We usually fly direct from DF to PE, however AeroMar is very expensive, especially since we are taking our 2 children with us that are over the "lap" age and we need to buy an actual seat. This year we decided to fly into Huatulco since I have never been and we can spend some time bumming around the beaches and restaurants. We are staying right on the Marina, which looked quite nice from the photos.

My question is- What is there to do other than the beaching and eating in Huatulco? I admit I am not familiar with any place East of Puerto Escondido on the coast.

Any suggestions for a family of 4 would be great. This will be out first vacation in Mexico while living in Mexico. Why go anywhere else right?


----------



## Hound Dog (Jan 18, 2009)

conorkilleen said:


> So I am finally taking a well deserved 2 week vacation next month. I am taking the wife and kids down to Huatulco for a few days, then over to Puerto Escondido to check on our property, then over to Rio Grande to see her parents, then back to Huatulco for the last few days before we fly back.
> 
> We usually fly direct from DF to PE, however AeroMar is very expensive, especially since we are taking our 2 children with us that are over the "lap" age and we need to buy an actual seat. This year we decided to fly into Huatulco since I have never been and we can spend some time bumming around the beaches and restaurants. We are staying right on the Marina, which looked quite nice from the photos.
> 
> ...


Beaching and eating is it amigo. There are many different types of beaches - open sea, many coves - at Huatulco but, except for interesting road trips, of which there are many within a few hours of Huatulco, that´s about it. Nothing wrong with that except perhaps the idea of going there in July but, what the hell, to each his own.


----------



## conorkilleen (Apr 28, 2010)

Hound Dog said:


> Beaching and eating is it amigo. There are many different types of beaches - open sea, many coves - at Huatulco but, except for interesting road trips, of which there are many within a few hours of Huatulco, that´s about it. Nothing wrong with that except perhaps the idea of going there in July but, what the hell, to each his own.

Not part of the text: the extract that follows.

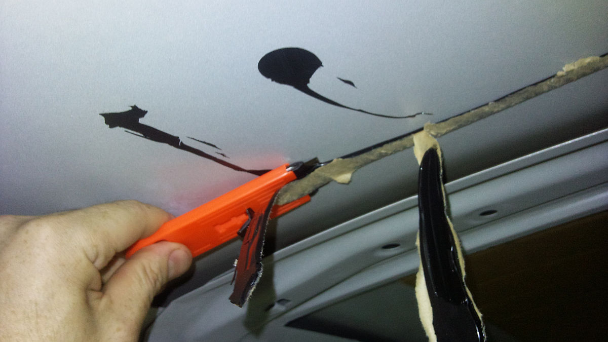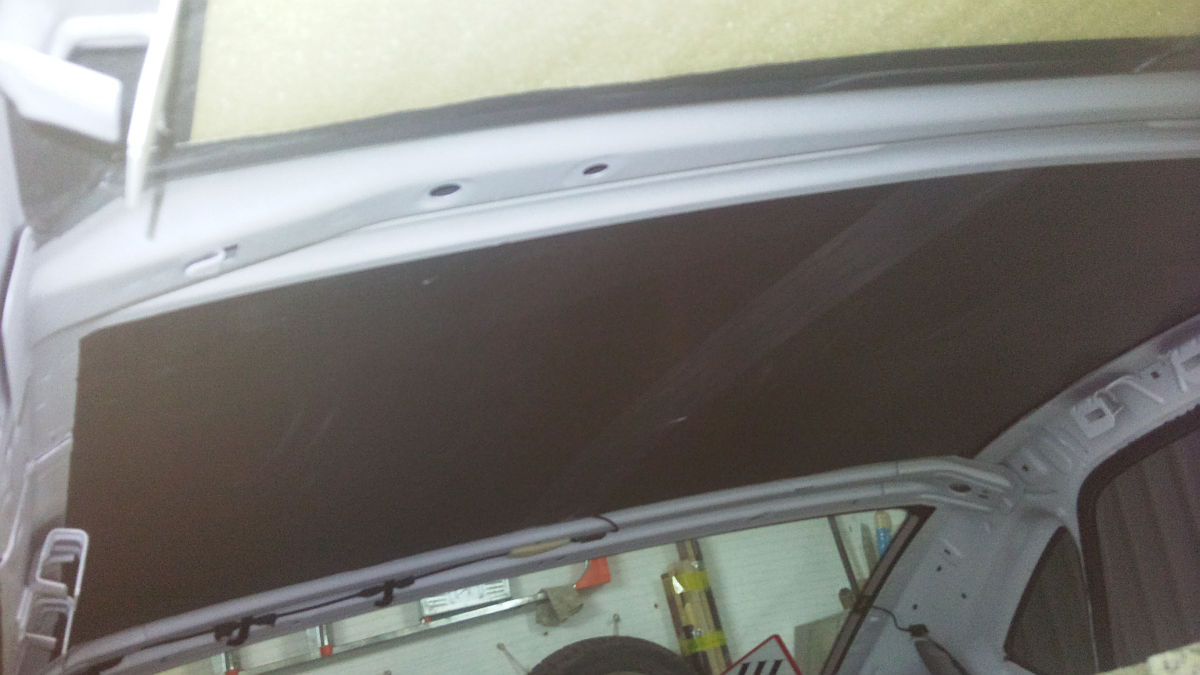Комментарий к файлу: Отдираем штатный ... даже не знаю как назвать, это и не шумка и не теплоизолятор, я так думаю элемент жесткости крыши.

Yeah..realize its the rainy season but anything beats the Monterrey dryness and heat. Plus its the only time I can take 2 weeks in a row. We are going to make the best of it. Beaching, eating and drinking it shall be


----------



## HolyMole (Jan 3, 2009)

conorkilleen said:


> Yeah..realize its the rainy season but anything beats the Monterrey dryness and heat. Plus its the only time I can take 2 weeks in a row. We are going to make the best of it. Beaching, eating and drinking it shall be


As spread out as Huatulco is, you'll probably have to rent a car, unless you intend to spend most of your time around the marina.
We were there, (by car) in March a couple of years ago and it was very hot and humid, even compared to Puerto Escondido 75 miles or so north/west. I doubt there's much public transportation between beaches in the Huatulco area, so taxi it is.
We enjoyed La Crucecita, which looks much older and more established than one would expect, considering it hardly existed before Huatulco was developed.
A day-trip to Puerto Angel and the near-by beaches at Zipolite, San Agustinillo and Mazunte would be well worth it.


----------